2.7. Complementary DNA (cDNA) synthesis and quantification of mRNA by real-time PCR analysis
RNA was isolated from colon and cell tissues with TRIZOL reagent according to the manufacturer’s instructions. Synthesis of the first strand (cDNA) was conducted using oligo (dT) 20 and Superscript II reverse transcriptase (Invitrogen, USA).

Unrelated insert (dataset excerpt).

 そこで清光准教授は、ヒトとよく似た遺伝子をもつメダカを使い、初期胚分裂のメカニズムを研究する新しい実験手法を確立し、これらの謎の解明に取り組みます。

Primers were designed with Primer 5.0 according to the gene sequence of mouse; the sequences are shown in Table 1. Real-time PCR analysis was conducted according to previous studies (Yin et al., 2013a; 2014). The relative expression of different genes was normalized and presented as a ratio to their expression in the control group.
Table 1.
PCR primer sequences: the forward (F) primers and the reverse (R) primers
| Gene | Nucleotide sequences of primers (5'–3') |
| β-Actin | F: GTCCACCTTCCAGCAGATGT R: GAAAGGGTGTAAAACGCAGC |
| IL-1β | F: CTGTGACTCGTGGGATGATG R: GGGATTTTGTCGTTGCTTGT |
| IL-6 | F: TGCAAGAGACTTCCATCCAGT R: GTGAAGTAGGGAAGGCCG |
| IL-10 | F: ACAGCCGGGAAGACAATAAC R: CAGCTGGTCCTTTGTTTGAAAG |
| IL-17 | F: TACCTCAACCGTTCCACGTC R: TTTCCCTCCGCATTGACAC |
| IFN-γ | F: ATGAACGCTACACACTGCATCTTGGCTT R: CCTCAAACTTGGCAATACTCATGAATGC |
| TNF-α | F: AGGCACTCCCCCAAAAGAT R: TGAGGGTCTGGGCCATAGAA |
| TLR4 | F: TTCAGAACTTCAGTGGCTGGATT R: CCATGCCTTGTCTTCAATTGTTT |
| Myd88 | F: GCATGGTGGTGGTTGTTTCTG R: GAATCAGTCGCTTCTGTTGG |
2.8. Nuclear protein extraction and Western blot analysis
Nuclear proteins were extracted using nuclear and cytoplasmic extraction reagents in accordance with the manufacturer’s instructions (Thermo Fisher Scientific Inc., USA). Western blot was performed (Yin et al., 2015a) and NF-κBp65 (Abcam, Inc., USA) was used as the primary antibody. Rabbit proliferating cell nuclear antigen (PCNA) antibody (Sigma) was used as the nuclear protein loading control. The expression ratio of NF-κB was normalized against PCNA.
2.9. Statistical analysis
All statistical analyses were performed using SPSS 17.0 software. Group comparisons were performed using analysis of variance (ANOVA) and followed with Tukey’s multiple comparison test.
3. Results
3.1. Effects of NaHS on clinical indices in DSS-induced colitis
DSS treatment significantly reduced final body weight, daily weight gain, and colonic length, and increased colonic weight, rectal bleeding score, and diarrhea score (P<0.05; Fig. 1). Although NaHS administration failed to alleviate DSS-dysregulated body weight, colonic length, and colonic weight (P>0.05), it markedly decreased scores for rectal bleeding and diarrhea (P<0.05). HE staining results revealed that DSS caused colonic histological injury which was mitigated by NaHS (P<0.05).
Fig. 1.
Effects of NaHS on clinical parameters in DSS-induced colitis in mice
(a) Final body weight; (b) Average daily weight gain; (c) Colon length; (d) Colon weight; (e) Rectal bleeding score; (f) Diarrhea score; (g) HE staining; (h) Histological score. Data are expressed as mean±SD (n=10). Different letters above the columns are significant (P<0.05)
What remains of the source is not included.